Another advantage is simplicity — particularly when a trial requires multiple sites — as sponsors need only one partner to manage all of the sites. Bioclinica’s clients also cited cost savings, greater efficiency, standardized processes and reliable experts as key reasons for choosing site networks.
But scale is important too. A trial might investigate a disease in multiple countries or track seasonal illnesses. Having a network that can scale up in a hurry can be an enormous advantage for sponsors.
Patient enrollment is a tough number to predict. But failure to get it right or close to right can have major cost impacts.
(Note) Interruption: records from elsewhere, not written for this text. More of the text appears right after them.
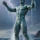 The sky is torn apart with storm clouds and lightning, mixing natural chaos with artificial brilliance. Cinematic, epic, hyper-detailed, realistic. Atmosphere of awe, terror, and the unstoppable return of forgotten power.
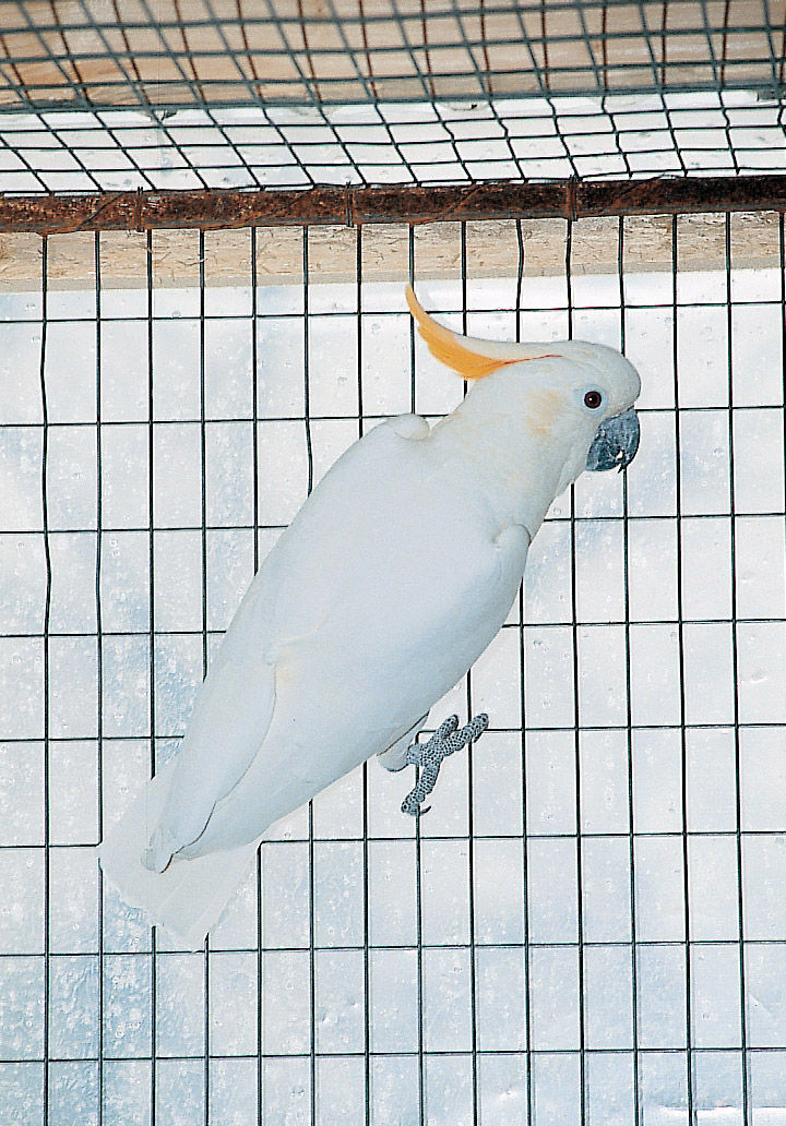 Una Cacatua citrinocristata mientras trepa por la red de la pajarera. (Fotografía de D. Balestri)
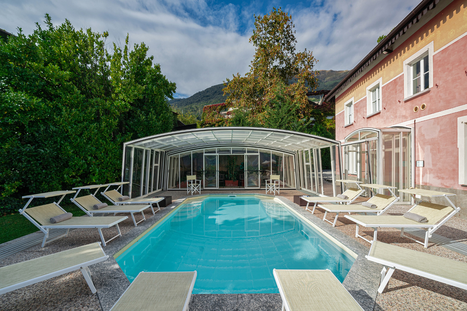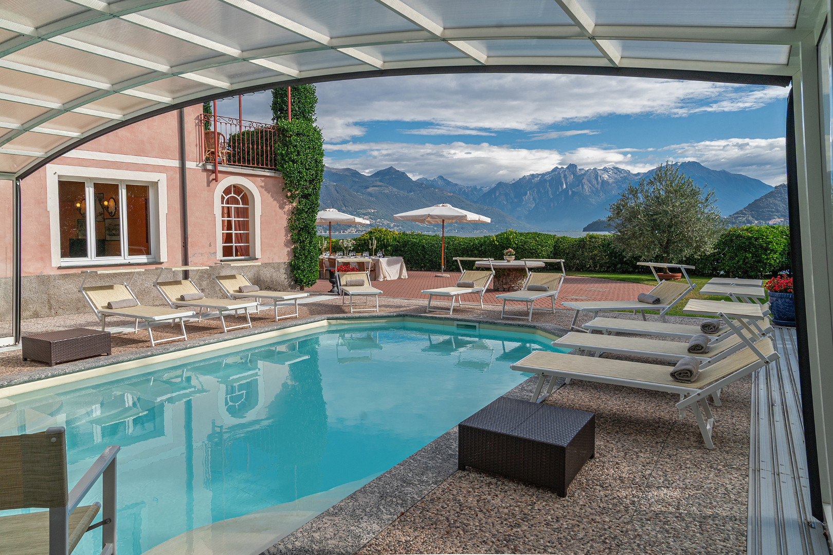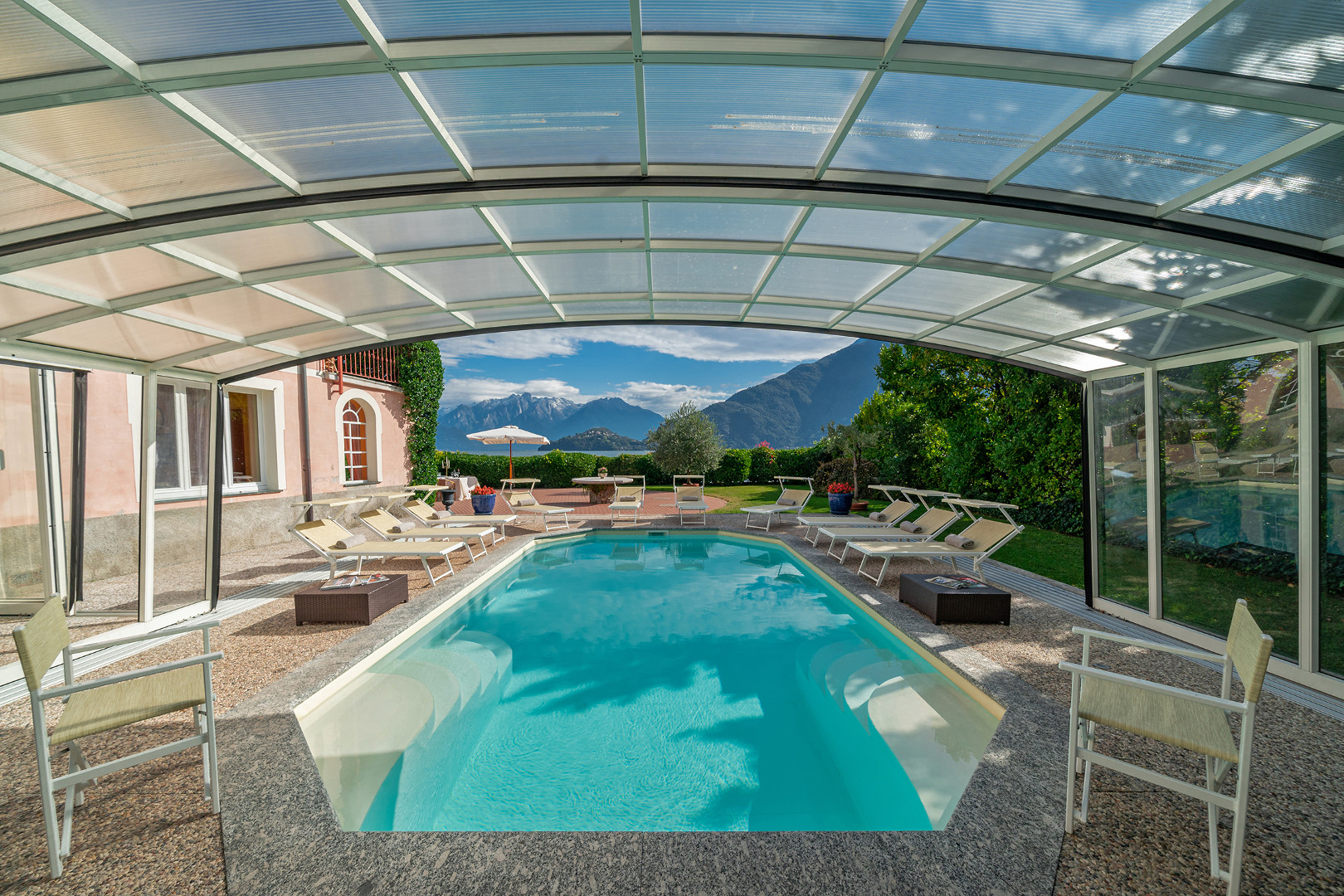 Beautiful property located in front of Lake Como, on the north-west shore, 10 km north of the village of Menaggio. The villa is located in a unique place with direct access to the beach and it has a panoramic terrace that offers a magnificent view of the lake and the nearby mountains. This house with its spacious and decorated interiors, is ideal for group holidays. The indoor pool can be heated and used during the winter. You can moor your boat in front of the villa.

Part of this expense is because sponsors sometimes have to enlist new and additional sites from what was originally planned to meet enrollment targets, explains David Fogel, chief scientist at Trials.ai.
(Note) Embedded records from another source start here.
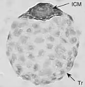 Задержанная имплантация происходит не из-за случайного неприкрепления зародыша к слизистой оболочке матки, а из-за ингибирующего влияния матки на развитие бластоцист.[44] Развивающееся яйцо, пройдя в яйцеводах период дробления и достигнув стадии бластоцисты, попадает в полость матки. Здесь оно некоторое время находится во взвешенном положении в жидкости просвета матки, без контакта с эпителием матки. У разных млекопитающих такая ситуация может длиться от нескольких часов (у хомяков) и 2—3 дней (у человека) до нескольких месяцев (у соболя, броненосца и других) — последний упомянутый случай сопровождается эмбриональной диапаузой. Для начала процесса имплантации в матке должны произойти как общие изменения, определяющиеся гормональным фоном, так и локальные, связанные со взаимодействием с бластоцистой. В районе контакта с эмбрионом (или небольшого расстояния до него) клетки соединительно-тканной стромы матки преобразуются в децидуальные клетки. Вероятно, наряду с другими факторами, решающую роль в данном процессе играют иммунологические факторы.[45]
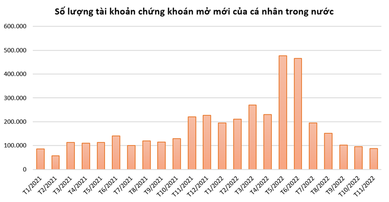 Lũy kế 11 tháng đầu năm, nhà đầu tư cá nhân trong nước mở mới hơn 2,48 triệu tài khoản, gấp 2,58 lần so với cuối năm trước.
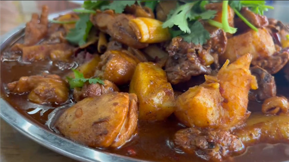 脫骨的雞肉配上軟綿的土豆,最后再加上大盤雞的靈魂伴侶“皮帶面”,好吃到停不下來。中牟縣融媒體中心供圖
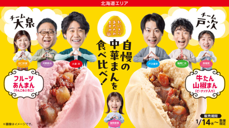 大泉洋チーム考案「フルーツあんまん(リンゴ&いちご)」と戸次重幸チーム考案「牛たん山椒まん(ピーナッツ入り)」が、北海道地区のローソンで2026年1月14日(水)から販売が始まっています。価格は順に329円(税込)、399円(税込)。

Fogel gives the example of a trial studying how effective coronary bypass surgery was in patients with heart failure. The trial was initially planned to study patients in the US and Canada across 32 study sites. But after poor enrollment, the scope of the trial was enlarged to 26 countries and 171 study sites.
Even with the expansion, 44 approved sites failed to meet enrollment targets. Fogel says the cost for each deactivated site was around $10,000, and notes the added burden of diverting study funds to recruit more patients at a later point in the trial and amend the protocol.
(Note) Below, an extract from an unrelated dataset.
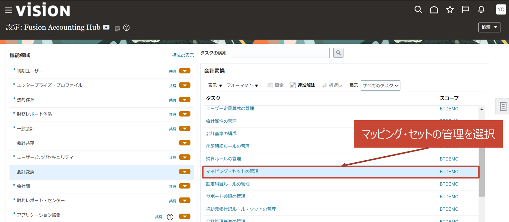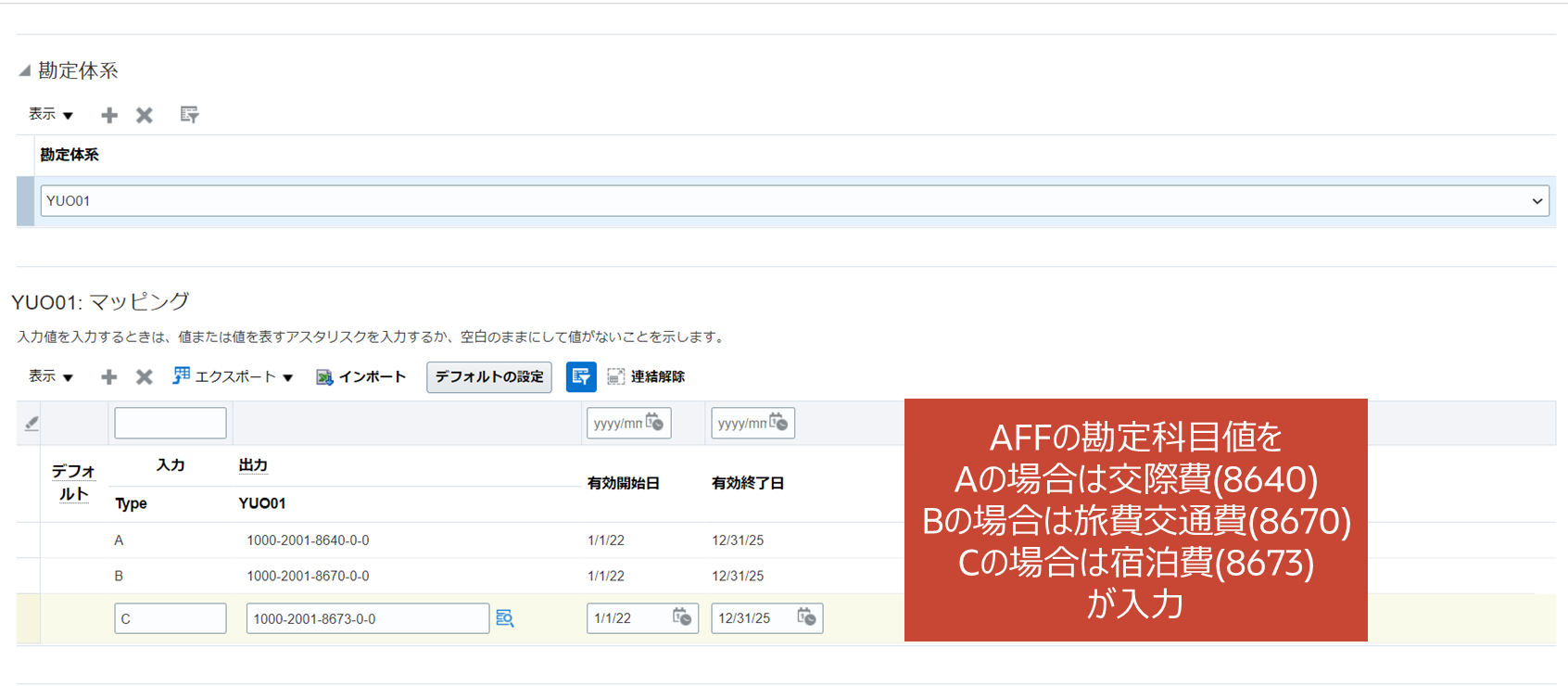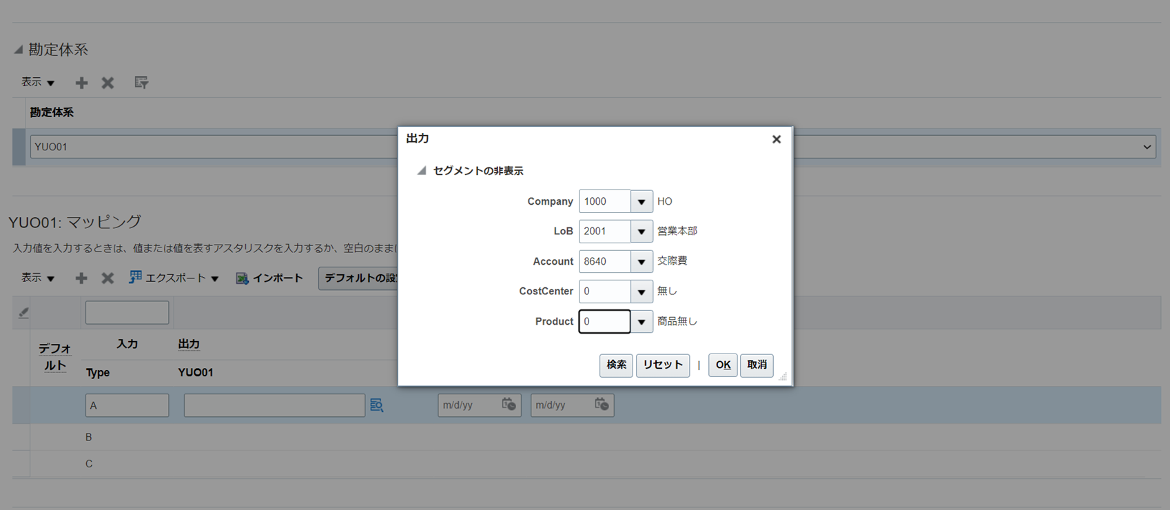 前回は7摘要ルールについて設定しました。今回、設定の説明するのは6マッピング・セットと5勘定科目ルールになります。マッピング・セットは取引の入力値(例: 取引タイプ、BUなど)をキーに、勘定科目の特定のセグメント値を返す参照表になります。そして勘定科目ルールは仕訳の勘定科目(全体または各セグメント)を、マッピング・セットや定数、条件式などで導出するルールです。つまりマッピング・セットは入力値に対して勘定科目値を決定する変換ロジックの一つで、勘定科目ルールは変換ロジックの方法を選ぶルールとなっております。

He advises sponsors to select a site that has six to ten studies completed — as they will be more likely to meet enrollment rates — and that have a proven record of fast recruitment of the first patient.
Clinical trial liaisons can provide value to sponsors because of their education and current knowledge of the market. These attributes, according to clinical trial liaison Russell Brown, Ph.D., help investigators and sites understand the full scope, ambition and requirements of the treatment development.
Liaisons can also help select the best site for the trial’s needs and establish relationships between sponsors and site staff. It’s best, Brown explains, to include the liaison at the beginning of the trial planning so they can meet the site team during site initiation to understand the trial’s objectives. Doing so will improve the site’s attempts to recruit patients.
While sponsors and CROs should demand a lot from their potential site partners, asking probing questions and testing capabilities, sites should also make demands of their prospective collaborators. This is why Kristina Lopienski at Forte Research advises that sites conduct a reverse feasibility questionnaire.
Sites and sponsors should know what is expected so they can both make the right decision for their needs. Collaboratively, parties should discuss and set expectations, categorize the non-negotiables and share key information. Lopienski says that while it may seem unlikely that sponsors would agree to this, some are starting to see the value of a more candid and collaborative approach to site selection.
Sponsors should look for sites that celebrate collaborative cultures — regardless of their size — and enable and empower their staff to thrive. One way to tell that site managers are doing this is whether they are using gamification to motivate teams. This could include rewarding teams and sub-teams for reaching milestones, explains Jim Lane, chief business officer at Longboat Clinical.
Engaged site teams lead to better patient engagement, Lane argues, but adds that sponsors also have a duty to motivate and empower entire study teams. Lane says that sponsors that can enhance startup performance, speed up operations and recruiting, and manage multiple personnel proposal will see site teams also perform better.